According to James MacGregor Burns, who authored the Nobel prize-winning book Leadership, there are at least 130 current definitions of leadership; while Warren Bennis and Burt Nanus, in their book Leaders: Strategies for Taking Charge, claim there are at least 350.

Despite the lack of a singular clear-cut definition, clearly there is no limit to the number of thoughts and insights on the topic of leadership.  Yet at the end of the day, sometimes the best insights are found in the words of our best leaders... 

On May 27, 2011 Secretary of Defense Robert Gates gave the commencement address to graduates of the United States Naval Academy.  In his 46 years of public service, in the Air Force, at the CIA, in the White House and now at the Pentagon - Secretary Gates has served under eight different presidents and a variety of different leadership styles.

During the commencement address, Secretary Gates offered his thoughts on leadership touching on the following qualities: vision, conviction, self-confidence, courage, integrity and common decency.

The relevant portion of the speech follows.  They are words worth reading as we all work to continually fine-tune our own leadership capacity:


...I have learned that real leadership is a rare and precious commodity, and requires qualities that many people might possess piecemeal to varying degrees, but few exhibit in total...

...For starters, great leaders must have vision - the ability to get your eyes off your shoelaces at every level of rank and responsibility, and see beyond the day-to-day tasks and problems. To be able to look beyond tomorrow and discern a world of possibilities and potential. How do you take any outfit to a higher level of excellence? You must see what others do not or cannot, and then be prepared to act on your vision.
An additional quality necessary for leadership is deep conviction. True leadership is a fire in the mind that transforms all who feel its warmth, that transfixes all who see its shining light in the eyes of a man or woman. It is a strength of purpose and belief in a cause that reaches out to others, touches their hearts, and makes them eager to follow.

Self-confidence is still another quality of leadership. Not the chest-thumping, strutting egotism we see and read about all the time. Rather, it is the quiet self-assurance that allows a leader to give others both real responsibility and real credit for success. The ability to stand in the shadow and let others receive attention and accolades. A leader is able to make decisions but then delegate and trust others to make things happen. This doesn't mean turning your back after making a decision and hoping for the best. It does mean trusting in people at the same time you hold them accountable. The bottom line: a self-confident leader doesn't cast such a large shadow that no one else can grow.
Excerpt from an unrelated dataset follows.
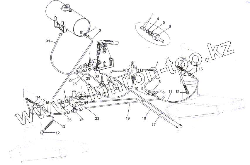 Каталог запасных частей к технике: МЗКТ-93782. Установка трубопроводов гидросистемы опорного устройства

A further quality of leadership is courage: not just the physical courage of the seas, of the skies and of the trenches, but moral courage. The courage to chart a new course; the courage to do what is right and not just what is popular; the courage to stand alone; the courage to act; the courage as a military officer to "speak truth to power."...

Another essential quality of leadership is integrity. Without this, real leadership is not possible. Nowadays, it seems like integrity - or honor or character - is kind of quaint, a curious, old-fashioned notion. We read of too many successful and intelligent people in and out of government who succumb to the easy wrong rather than the hard right - whether from inattention or a sense of entitlement, the notion that rules are not for them. But for a real leader, personal virtues - self-reliance, self control, honor, truthfulness, morality - are absolute. These are the building blocks of character, of integrity - and only on that foundation can real leadership be built.

A final quality of real leadership, I believe, is simply common decency: treating those around you - and, above all, your subordinates - with fairness and respect. An acid test of leadership is how you treat those you outrank, or as President Truman once said, "how you treat those who can't talk back."

...know this. At some point along your path, you will surely encounter failure or disappointment of one kind or another. Nearly all of us have. If at those times you hold true to your standards, then you will always succeed, if only in knowing you stayed true and honorable. In the final analysis, what really matters are not the failures and disappointments themselves, but how you respond.